_Your task_: When the line containing "Não há um só" appears in the data below, begin copying there and stop only after the line containing "Katondoozi is a".

_Input for this task_:
*****
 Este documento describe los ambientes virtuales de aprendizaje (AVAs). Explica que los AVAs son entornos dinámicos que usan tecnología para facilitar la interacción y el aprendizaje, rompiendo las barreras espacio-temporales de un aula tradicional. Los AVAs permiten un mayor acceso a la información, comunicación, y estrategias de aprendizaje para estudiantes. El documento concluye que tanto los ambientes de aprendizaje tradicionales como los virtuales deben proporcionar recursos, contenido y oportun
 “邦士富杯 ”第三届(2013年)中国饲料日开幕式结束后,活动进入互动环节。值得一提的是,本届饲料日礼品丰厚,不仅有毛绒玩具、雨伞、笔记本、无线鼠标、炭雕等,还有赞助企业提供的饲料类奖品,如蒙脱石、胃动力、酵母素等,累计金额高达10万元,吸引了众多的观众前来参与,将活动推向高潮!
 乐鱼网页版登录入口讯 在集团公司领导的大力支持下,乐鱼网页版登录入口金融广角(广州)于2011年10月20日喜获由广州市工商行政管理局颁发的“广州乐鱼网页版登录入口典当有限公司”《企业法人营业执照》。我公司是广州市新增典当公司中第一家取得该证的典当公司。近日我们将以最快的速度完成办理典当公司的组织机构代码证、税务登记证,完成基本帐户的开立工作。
*****
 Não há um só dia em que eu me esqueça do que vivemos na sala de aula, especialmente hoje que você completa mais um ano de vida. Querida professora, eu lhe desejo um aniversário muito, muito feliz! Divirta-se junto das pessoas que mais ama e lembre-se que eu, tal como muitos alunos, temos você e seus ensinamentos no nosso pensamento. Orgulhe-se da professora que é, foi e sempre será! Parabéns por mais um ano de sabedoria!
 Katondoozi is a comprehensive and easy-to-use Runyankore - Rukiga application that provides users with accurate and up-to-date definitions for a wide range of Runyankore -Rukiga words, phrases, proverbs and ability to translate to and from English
*****
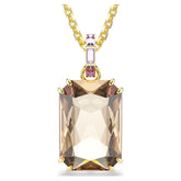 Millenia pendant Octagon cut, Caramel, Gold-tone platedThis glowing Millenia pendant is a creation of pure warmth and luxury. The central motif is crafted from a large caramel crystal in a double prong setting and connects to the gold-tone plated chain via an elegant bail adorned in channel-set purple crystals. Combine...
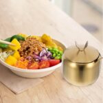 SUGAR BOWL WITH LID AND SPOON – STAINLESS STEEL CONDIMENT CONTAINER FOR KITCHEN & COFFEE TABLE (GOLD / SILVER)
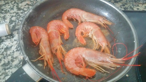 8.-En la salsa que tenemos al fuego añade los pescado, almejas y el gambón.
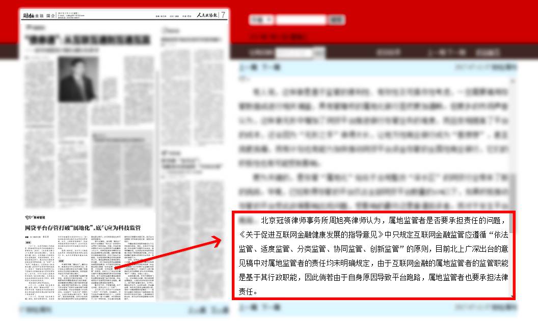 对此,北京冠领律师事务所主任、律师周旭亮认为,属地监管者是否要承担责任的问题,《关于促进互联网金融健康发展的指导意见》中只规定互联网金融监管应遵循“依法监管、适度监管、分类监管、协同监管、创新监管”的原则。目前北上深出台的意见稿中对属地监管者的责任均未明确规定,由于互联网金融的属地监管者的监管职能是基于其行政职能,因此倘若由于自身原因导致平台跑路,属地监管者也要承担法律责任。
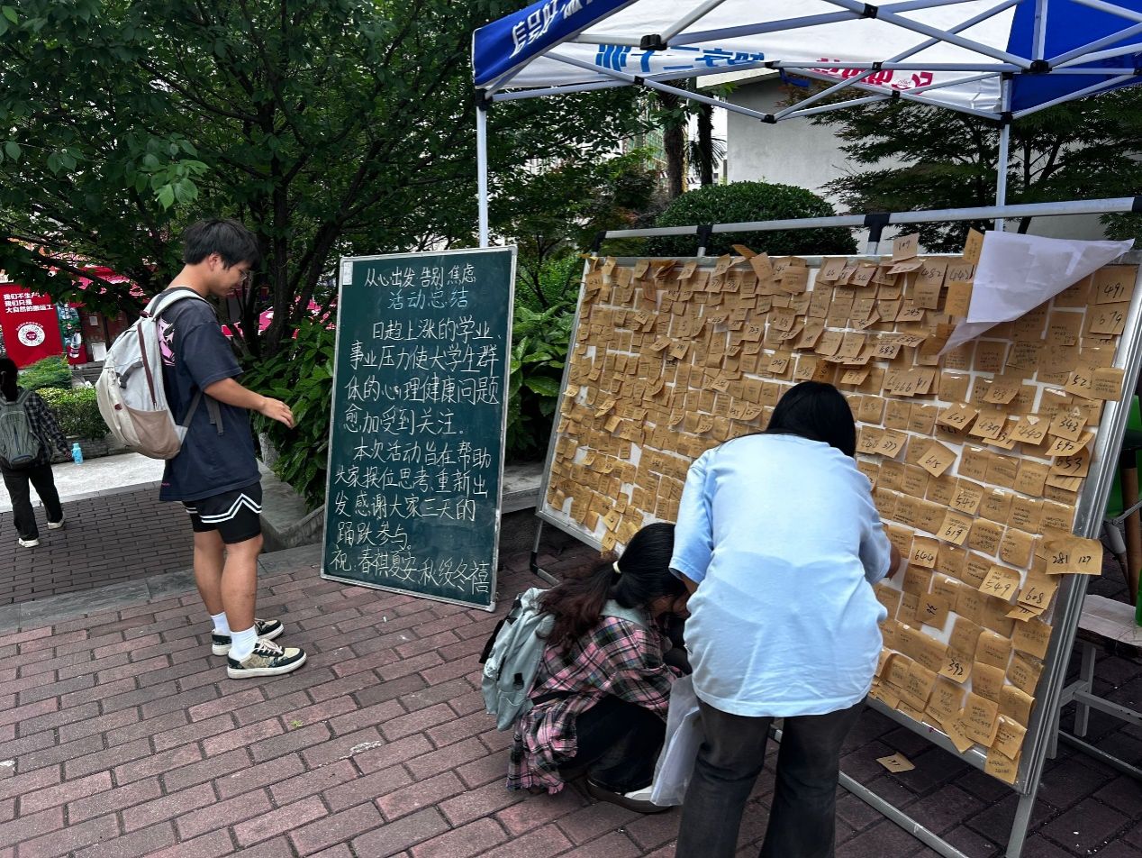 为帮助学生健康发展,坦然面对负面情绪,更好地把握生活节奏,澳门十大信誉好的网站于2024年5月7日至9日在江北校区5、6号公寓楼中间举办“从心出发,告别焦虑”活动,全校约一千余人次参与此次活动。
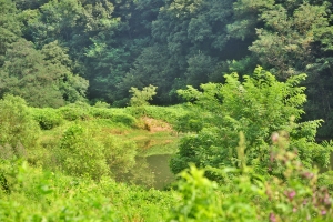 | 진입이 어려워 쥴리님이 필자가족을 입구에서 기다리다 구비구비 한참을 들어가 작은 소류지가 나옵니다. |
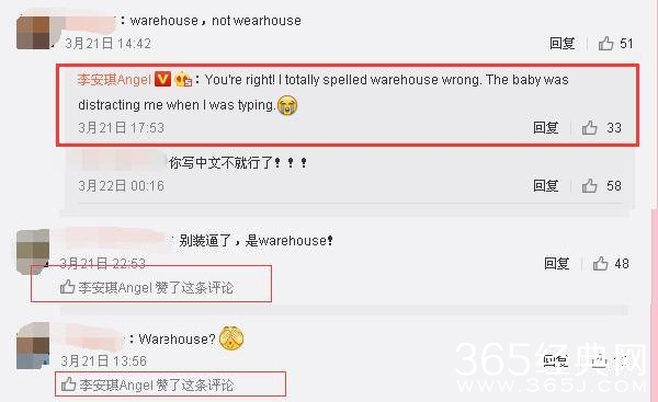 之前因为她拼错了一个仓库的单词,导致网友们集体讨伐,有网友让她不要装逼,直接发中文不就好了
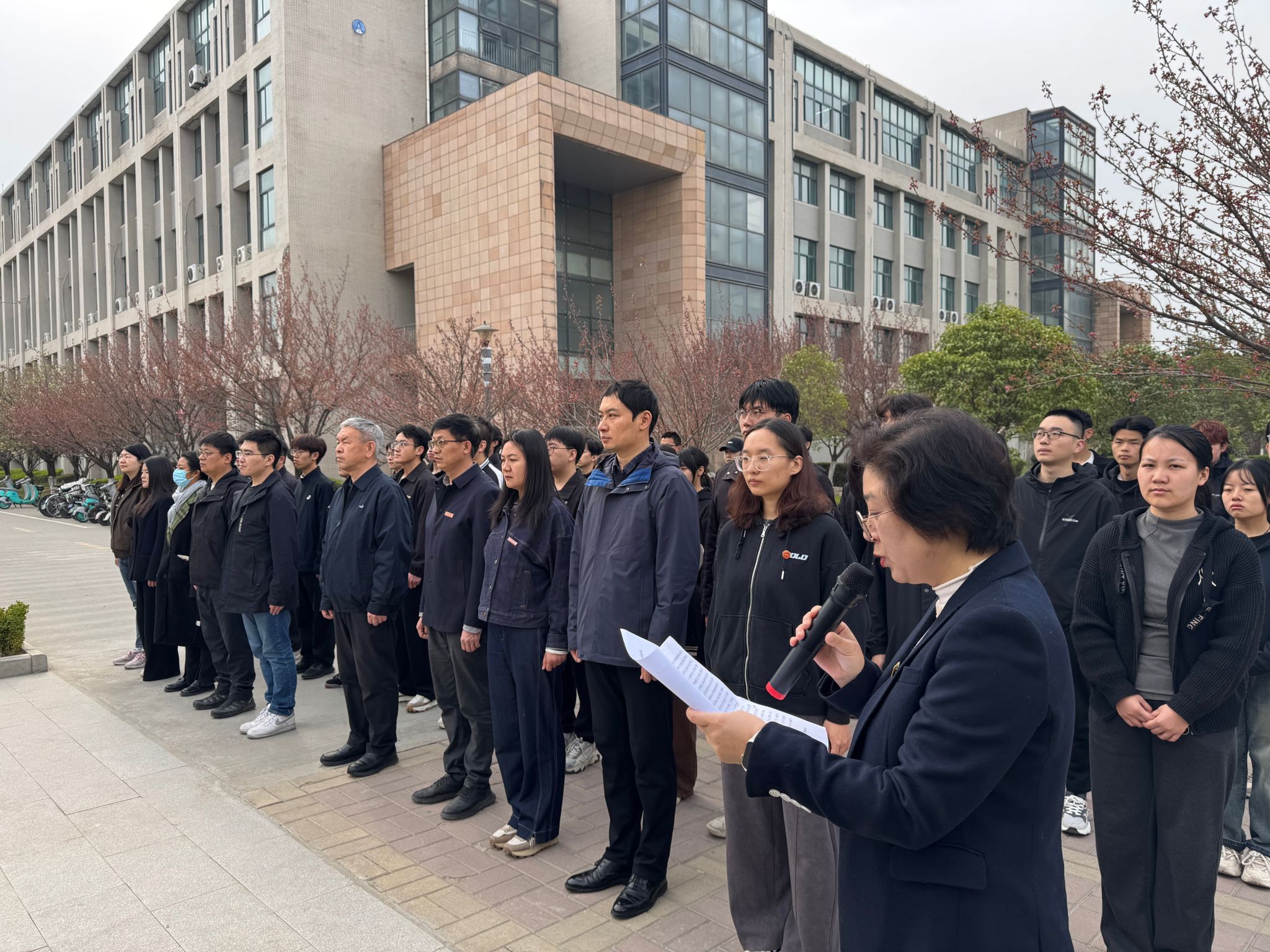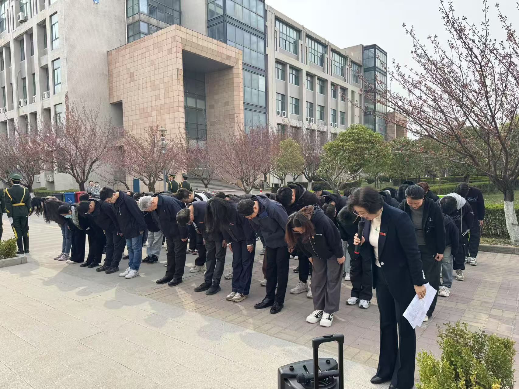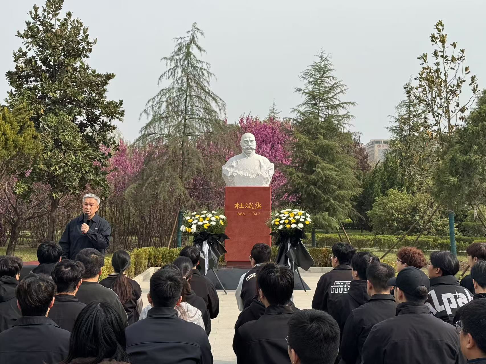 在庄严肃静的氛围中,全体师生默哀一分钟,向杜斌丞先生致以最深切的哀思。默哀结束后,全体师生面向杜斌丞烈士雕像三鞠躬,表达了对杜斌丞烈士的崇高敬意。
*****
_Task response_:
 Não há um só dia em que eu me esqueça do que vivemos na sala de aula, especialmente hoje que você completa mais um ano de vida. Querida professora, eu lhe desejo um aniversário muito, muito feliz! Divirta-se junto das pessoas que mais ama e lembre-se que eu, tal como muitos alunos, temos você e seus ensinamentos no nosso pensamento. Orgulhe-se da professora que é, foi e sempre será! Parabéns por mais um ano de sabedoria!
 Katondoozi is a comprehensive and easy-to-use Runyankore - Rukiga application that provides users with accurate and up-to-date definitions for a wide range of Runyankore -Rukiga words, phrases, proverbs and ability to translate to and from English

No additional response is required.